─── Dataset records

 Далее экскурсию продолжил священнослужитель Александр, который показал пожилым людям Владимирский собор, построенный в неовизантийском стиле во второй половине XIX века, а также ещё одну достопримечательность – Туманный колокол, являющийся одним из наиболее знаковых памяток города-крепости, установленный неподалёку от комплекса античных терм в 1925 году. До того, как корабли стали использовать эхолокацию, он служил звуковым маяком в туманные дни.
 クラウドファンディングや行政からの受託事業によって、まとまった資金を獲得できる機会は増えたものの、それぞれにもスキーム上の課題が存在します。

──────
─── Dataset records

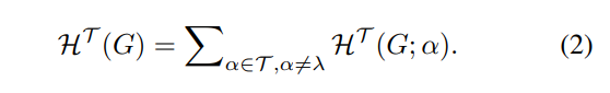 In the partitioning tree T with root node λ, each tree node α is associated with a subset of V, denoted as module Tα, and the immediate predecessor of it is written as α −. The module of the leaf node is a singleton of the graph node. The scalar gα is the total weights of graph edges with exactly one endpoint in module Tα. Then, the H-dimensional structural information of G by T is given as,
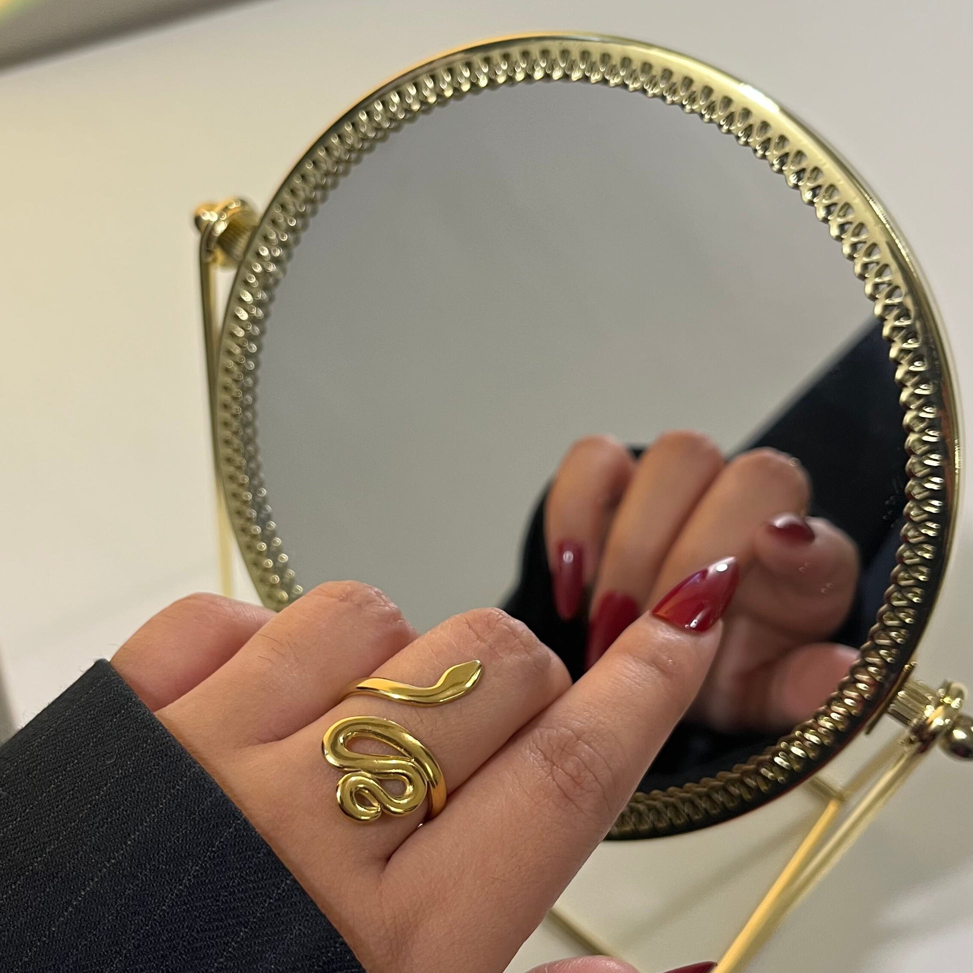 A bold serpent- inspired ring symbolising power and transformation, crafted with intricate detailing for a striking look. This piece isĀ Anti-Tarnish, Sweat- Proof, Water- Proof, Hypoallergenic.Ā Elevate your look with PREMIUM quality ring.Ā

──────
─── Dataset records

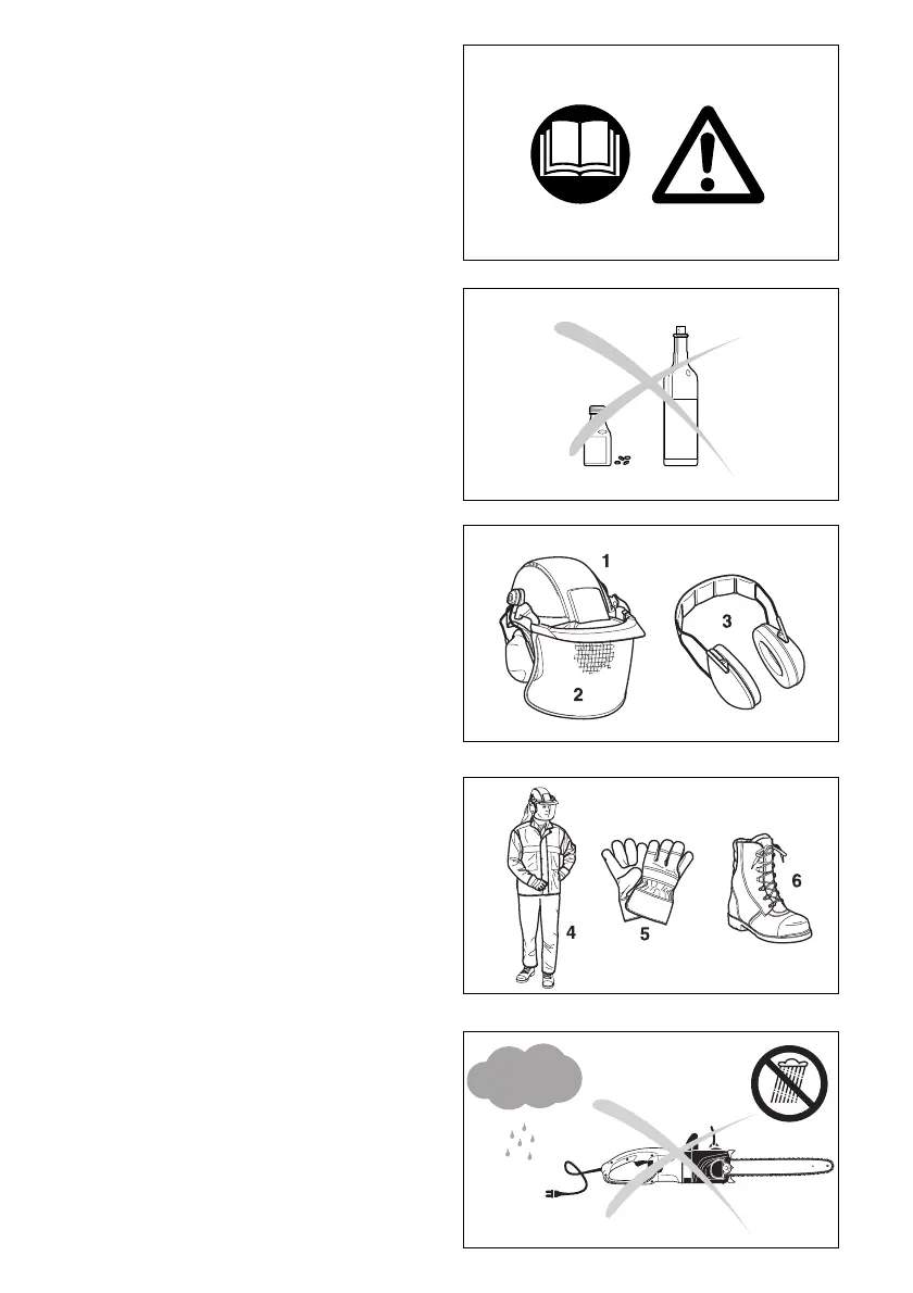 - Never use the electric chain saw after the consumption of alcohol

──────

### Exercise
Using the data above, transcribe exactly the lines between those containing "In the partitioning" and "A bold serpent- inspired", inclusive, and leave every picture behind.

### Reply to the exercise
 In the partitioning tree T with root node λ, each tree node α is associated with a subset of V, denoted as module Tα, and the immediate predecessor of it is written as α −. The module of the leaf node is a singleton of the graph node. The scalar gα is the total weights of graph edges with exactly one endpoint in module Tα. Then, the H-dimensional structural information of G by T is given as,
 A bold serpent- inspired ring symbolising power and transformation, crafted with intricate detailing for a striking look. This piece isĀ Anti-Tarnish, Sweat- Proof, Water- Proof, Hypoallergenic.Ā Elevate your look with PREMIUM quality ring.Ā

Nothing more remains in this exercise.